[Collected data entries]
----------
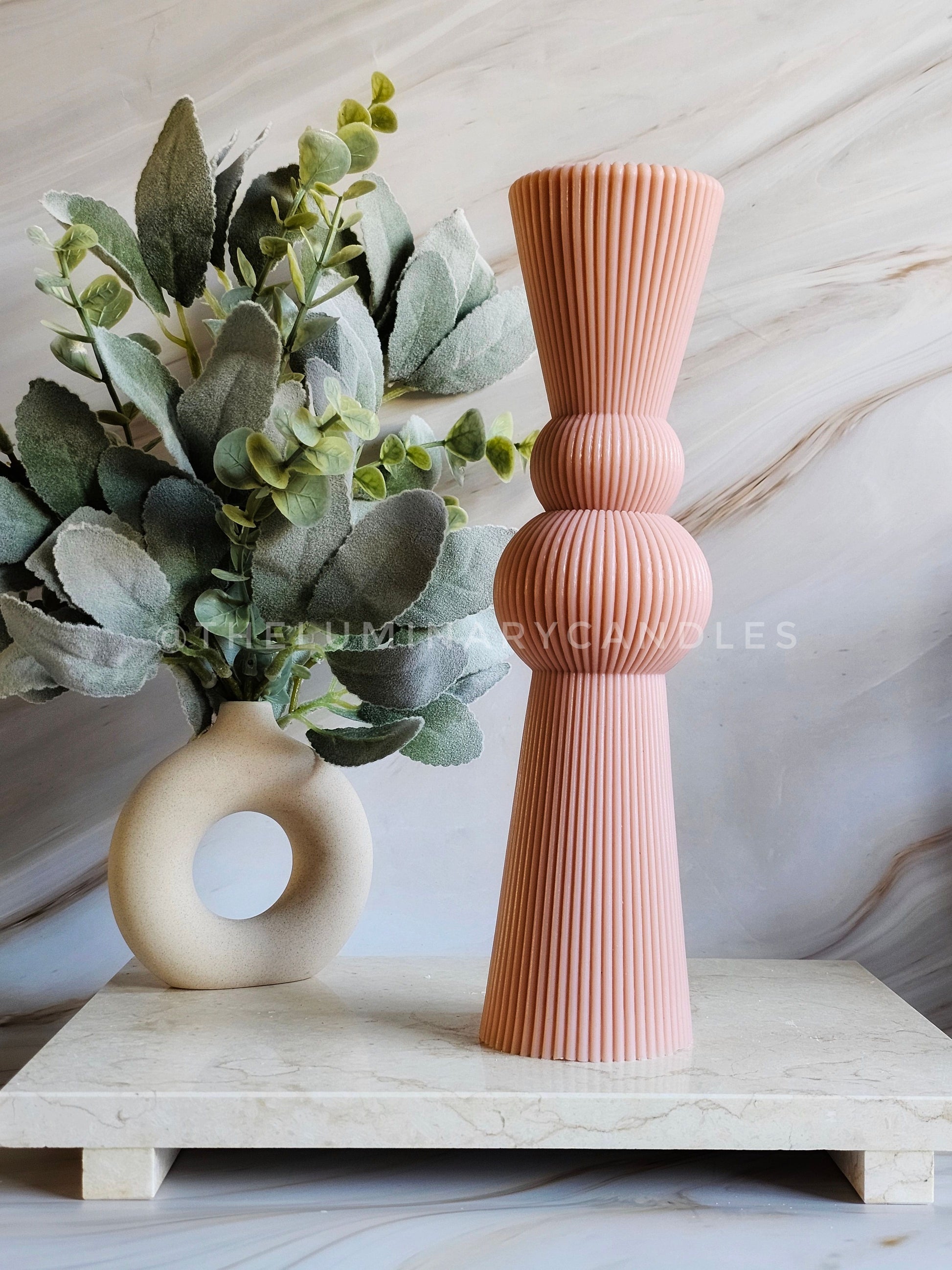The Lex is an elegant and striking tall, rippled candle that features two perfectly rounded sections, creating a visually captivating design.
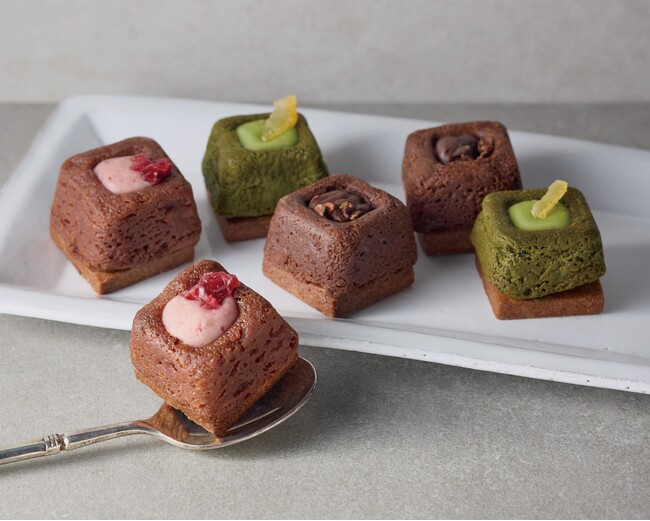 東京・田園調布の小さな焼菓子専門店。ガナッシュ、生地、サブレの3層構造にトッピング素材をあしらったフォンダンショコラ。
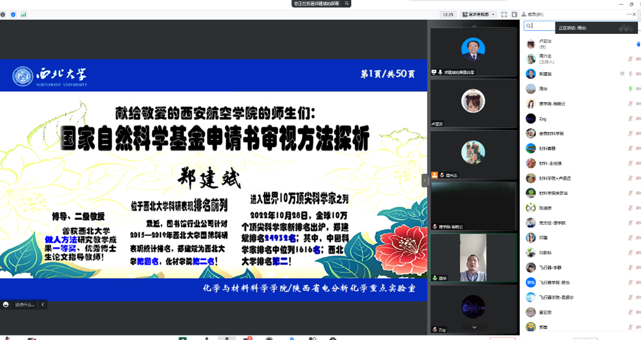 2022年12月16日下午14:00,世界杯体育官方网站召开国家自然基金申报动员大会,并邀请西北大学郑建斌教授作《国家自然科学基金申请书的审视方法探析》线上讲座。
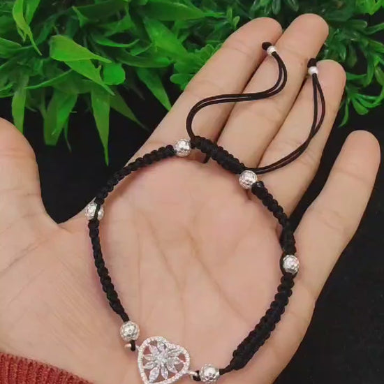 Elevate your style with our 65% Pure Silver Adjustable Thread Anklet, designed to add charm and elegance to your everyday look. Featuring a beautifully crafted heart-shaped charm with intricate detailing and a delicate pink bead drop, this anklet is perfect for both casual and festive occasions. The durable black thread offers an adjustable fit, ensuring comfort and style in one.
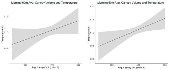 Estimated effect of avg. canopy volume on near-surface temperature at 60 and 90 m scales of analysis for morning temperatures (10, 30 m scale of analysis omitted due to models showing they were not significant predictors of temperature). Black lines represent the mean, and shaded areas represent the 95% confidence interval.
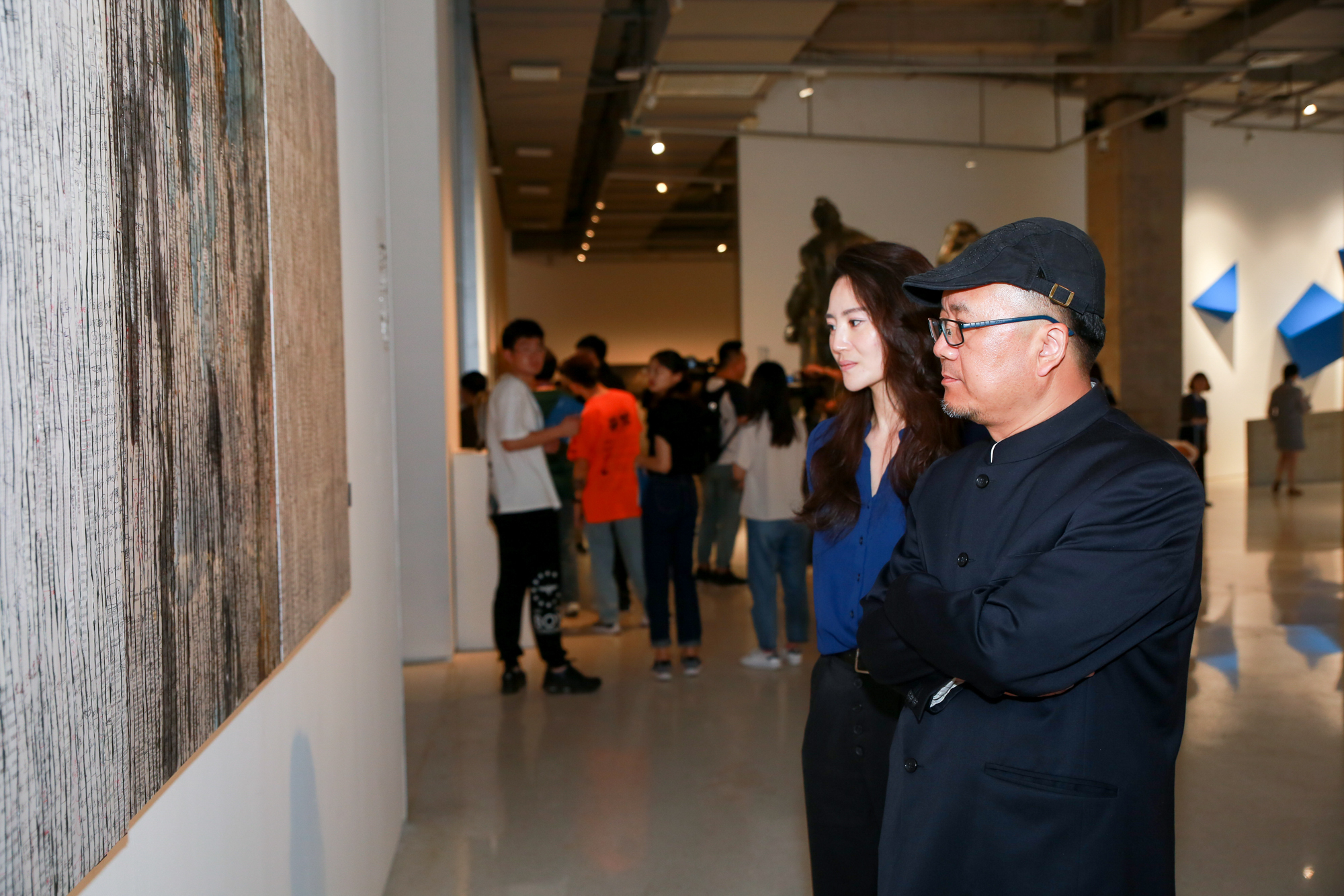 王宏舟在致辞中说道:“这是华东师大近年来规模最大的一次教师展,这次展览以美育定位为导向,整体作品侧重于对现实的关照和现场的阅读,进一步的聚焦社会文化和当下热点。这次呈现出的不同风格的作品是一次美学视觉的分享,也体现了美院老师在新时代背景下关注艺术创作,注重人才培养的思想和理念的交流与分享,这里呈现的有不少是我们美院老师教学积累的成果。我们希望今天只是开端,每年还能一步一步的扎实前进。希望华东师大美院能为推进新时代中国美育事业的发展做出更多的贡献。”
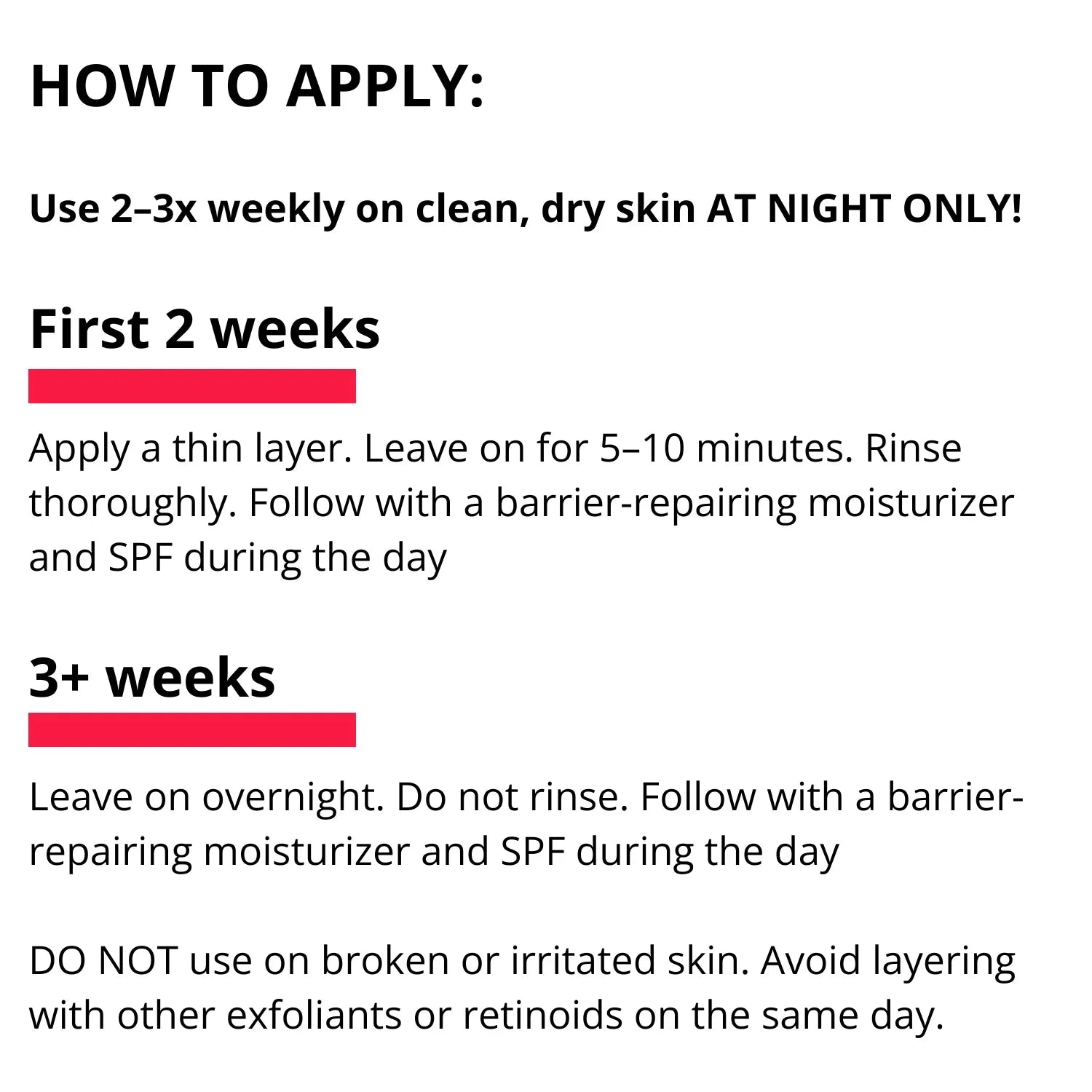 - Frequency: Use 1–2 times per week. Do not combine with other strong acids or retinoids in the same routine.
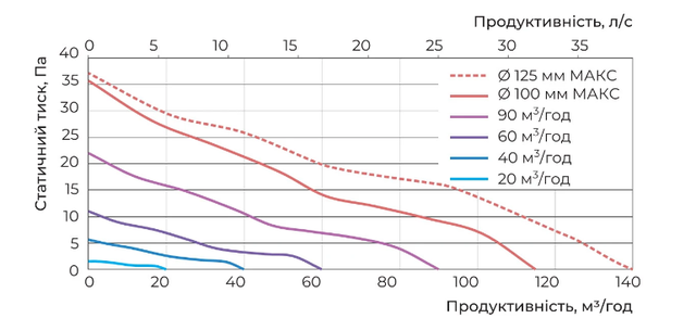 Модель обладнана такими датчиками: датчик вологості, датчик руху, датчик світла та температури та таймери. Вентилятор здатний видаляти повітря з максимальною продуктивністю до 140 м3/год і має 5 швидкостей. Може бути обладнаний патрубком 100 або 125 мм (патрубки входять до комплекту) або змонтовані на витяжний отвір шахти до поверхні стіни.
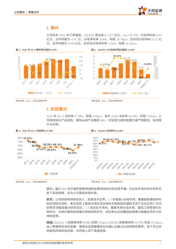 产品结构优化Q3毛利率同增7.62pct,恋火增长亮眼&研发渠道进阶夯实中长期发展
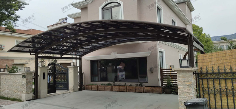 第二就是,看材質,一個廠家主打的材質,也能看出這個廠家是否良心、專業。例如之前應用廣泛的鋼結構+膜布車棚,或者是不銹鋼管+陽光板,這種之所以在國內流行,完全是因為沒有更好的選擇。但是現在,至尊卡爾發現了更優質、更適合的材質:鋁合金+耐力板。
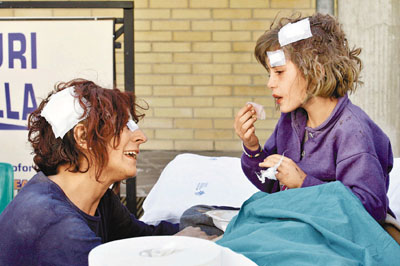 灾区一片愁云惨雾下,亦偶有振奋人心的消息。意大利安莎通讯社报道,救援人员昨晨在拉奎拉的瓦砾中救出一名98岁老妇,她的健康状况良好。她在等候救援30小时,自言一直在“做针线活儿”。消防员又在瓦砾中救出2岁小女孩,她的母亲为了救她,用身体挡住瓦砾,伤重不治。
----------
Exercise aim: Only one thing is required: an exact printout of the lines from the line containing "第二就是,看材質,一個廠家主" through the last line of the records, pictures excluded.

Your response:
 第二就是,看材質,一個廠家主打的材質,也能看出這個廠家是否良心、專業。例如之前應用廣泛的鋼結構+膜布車棚,或者是不銹鋼管+陽光板,這種之所以在國內流行,完全是因為沒有更好的選擇。但是現在,至尊卡爾發現了更優質、更適合的材質:鋁合金+耐力板。
 灾区一片愁云惨雾下,亦偶有振奋人心的消息。意大利安莎通讯社报道,救援人员昨晨在拉奎拉的瓦砾中救出一名98岁老妇,她的健康状况良好。她在等候救援30小时,自言一直在“做针线活儿”。消防员又在瓦砾中救出2岁小女孩,她的母亲为了救她,用身体挡住瓦砾,伤重不治。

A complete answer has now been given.